When Reading Costs More Than Writing

I was diffing a pull request late when the commit message arrived: four perfect sentences, each describing a change I had not made, and I spent longer reading it than writing a replacement by hand.

At first this showed up only in occasional commits, then it became a stable branch in daily practice where the decision tree stopped being ideological and became practical, because according to the shape of the diff I either use a free commit message generator, or write it manually, or in rare cases ask the chatbot window for a draft, and every branch of that tree is now chosen by reading cost, not by novelty or tool preference.

The stranger part came later when the same pattern started appearing in review, where the old assumption said production should be expensive and consumption should be cheap, yet in LLM-heavy workflows production became almost free while reading stayed cognitively expensive, which means that in some sessions it feels cheaper to regenerate and inspect locally on your own machine than to parse someone else's generated explanation line by line, read-by-read.

This sounds irrational until you watch it for long enough across real projects, because once artifact generation is abundant the bottleneck moves to verification attention, and verification attention is still human, still finite, still metabolically costly, so the center of gravity shifts from "can we produce" to "can we trust what we produced without paying more to read it than to make another candidate".

Last week the same thing happened in review: a colleague pasted a generated summary of their diff, fluent and orderly, and I caught myself skimming for the shape of competence instead of the shape of the change, then checked out the branch locally because my own eyes were cheaper than trusting the paragraph.

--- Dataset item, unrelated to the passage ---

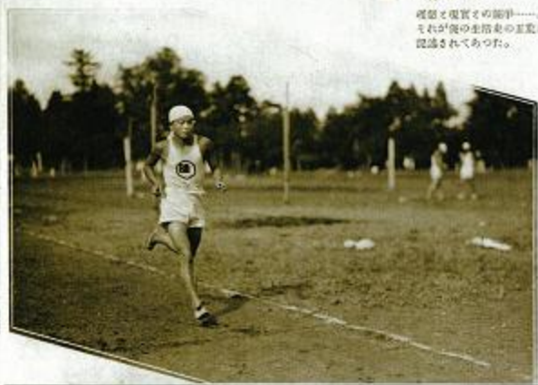
新潟県高田師範学校 卒業アルバムの一コマ

In that landscape commit messages become a small laboratory for a larger transition, with readable truth gradually separating from fluent output, and the practical response becomes selective trust where machines can draft aggressively but humans keep final authorship at the points where intent and accountability must stay legible.

I have watched this repeat across projects since 2023, and I still do not know whether reading will get cheaper or whether we are simply learning to generate faster than we can afford to verify.